A short distance south of the Grave Enclosure we come to Tholos Tomb A, immediately notable for its very long dromos. This was the first building to be discovered at Phourni in 1965 when a stone hut that had always been visible on the surface of the hill was discovered to be the top part of a Tholos Tomb which had been filled up inside with stones over the preceding centuries. The tomb dates from the 14th century BC and has a side chamber in which a royal burial took place.

Interestingly this tholos tomb shares the same ground plan as the two greatest tholos tombs of Mycenaean Greece, the Treasury of Atreus at Mycenae and Minyas at Orchomenos.The lintel of the entrance to the tomb was located at ground level and the tomb below the lintel as well as the dromos had been cut out of the rock. The tholos itself had been comprehensively looted in the past. An unusual find was made however, close to the entrance to the side chamber, when the dismembered corpse of a horse was discovered. A bull's skull was also found and it would seem that both animals had been sacrificed in honour of the person buried in the side chamber.

Phourni: Tholos Tomb A
Tholos Tomb A

When the side chamber was excavated a single burial in a clay larnax was discovered. It proved possible to establish the position in which the body had been laid to rest (with the head facing west and the body in a foetal position) and therefore the position on the body of the various small objects, mainly of gold, that were found in the larnax. One of the more important (and beautiful) finds was an amazing gold ring showing a cult scene.

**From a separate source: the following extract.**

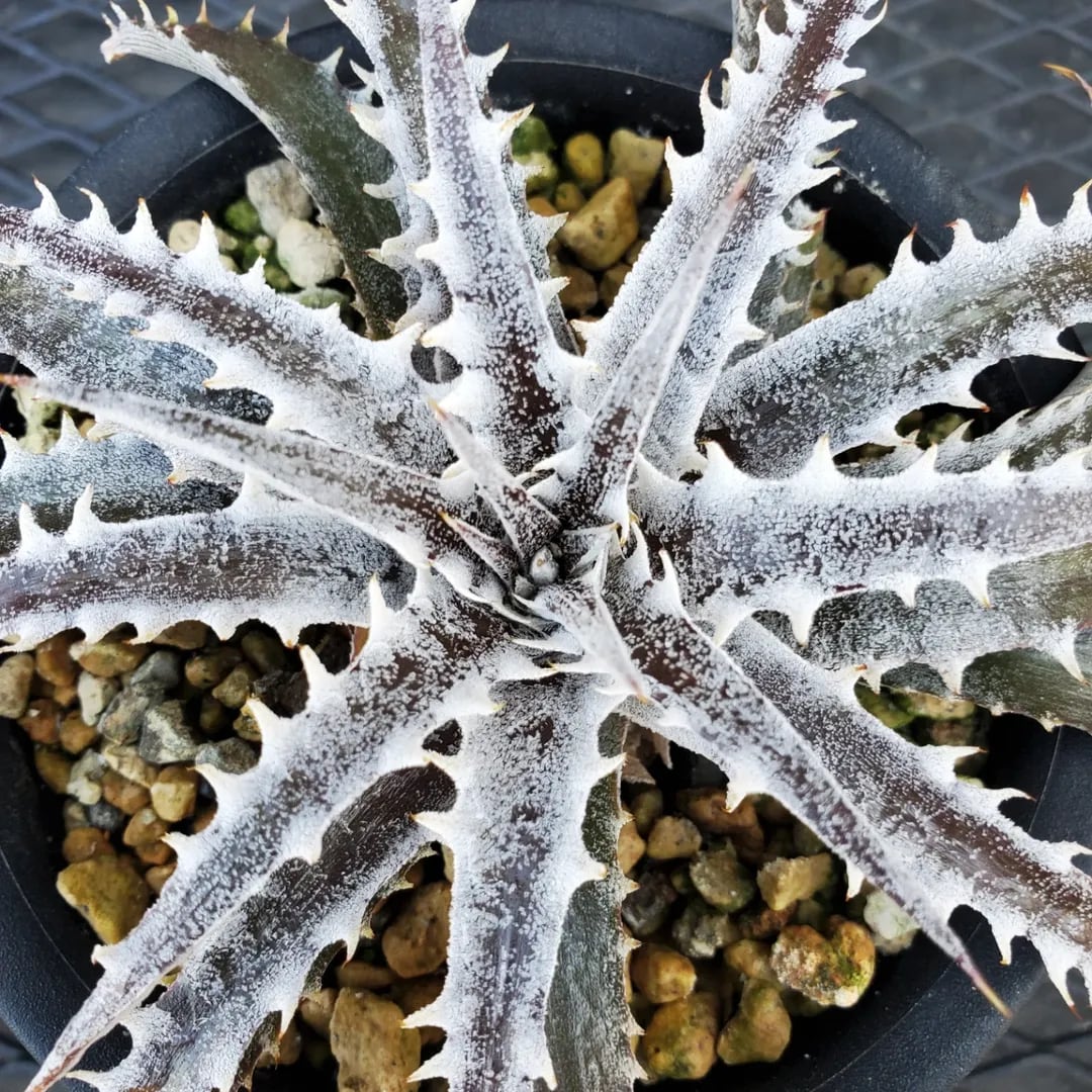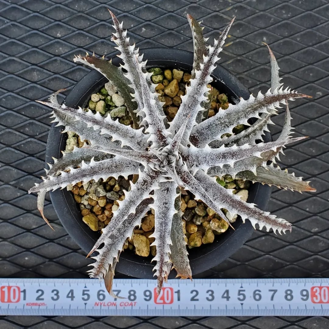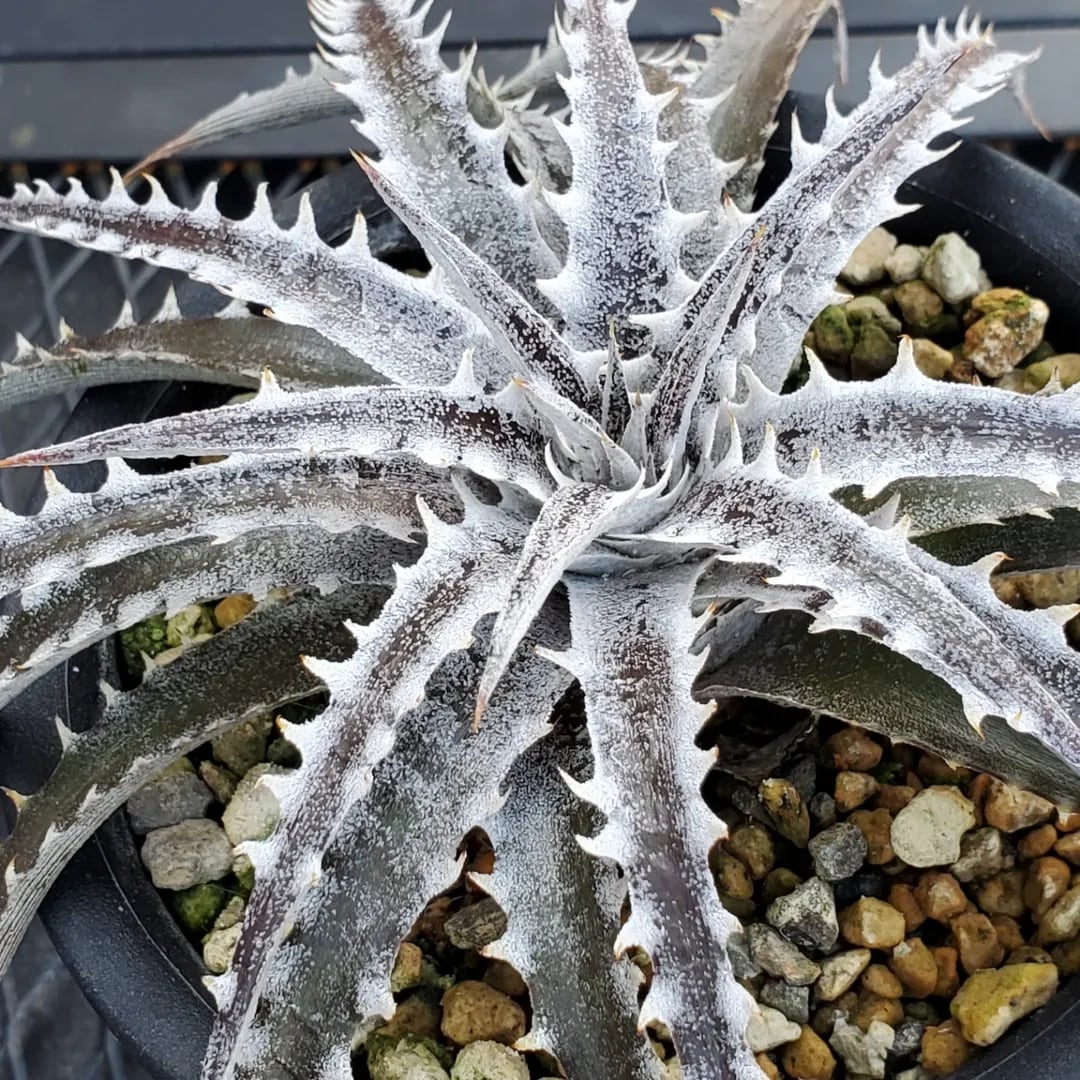 Q氏(Qdyckia)作出のハイブリッドです。鋸歯(Spine)が無いツルツルの葉が出たかと思えば、別の葉では鋸歯が出たりと、不規則に成長する、不思議な品種です。(撮影日:2026年03月08日)

Although the sex of the person buried in the side chamber could not be determined from the skeletal remains, the nature of the funerary offerings showed that the person was without doubt a woman and the richness of the finds imply that she must have belonged to the royal family. The fact that the rings all showed cult and religious scenes suggest that she may have also been a priestess. And this view is supported by the evidence of a bull sacrifice in her honour.

Building 4


Phourni: Building 4
Part of Building 4 from the north east

This building stood on the eastern side of the cemetery between Tholos Tombs A and B. This building, like so many on the site, is unique not only in Minoan Crete but also in Aegean Bronze Age cemeteries. The building was used to care for the dead and was in use during the LM IA period (1550-1500 BCE). The building is divided into two wings.

The East wing is on a higher level than the west wing and had an upper storey which once contained at least one loom, as attested by the presence of 46 loom weights which had fallen into the rooms below during the catastrophe that destroyed the building. Other finds, including knives, a cutter, a lead weight from a pair of scales and a piece of bronze ready for working on all suggest that the upper storey was entirely devoted to manufacturing. On the ground floor, room 1 may have been used to store the must from which wine is made because room 2 was used as a wine press.

The west wing was built on higher ground, on top of the rock, and was not separated into individual rooms. The bases of three columns were found in this area and one possible interpretation is that the area was in fact a paved area, open along its western side. It could then have been used as a place where funeral rites were performed. Finds taken from the site would support this view as they included the remains of a libation table, fragments of two bell-shaped figurines and about 250 cups placed either upright or upside-down, and these are known to have had some sort of ritual significance.

It would seem, then that the building was used for making things that would be used in looking after the dead. The only other place where such buildings exist is in Egypt, where the manufacture was under the control of the priests. This may well have been the case, too, at Phourni.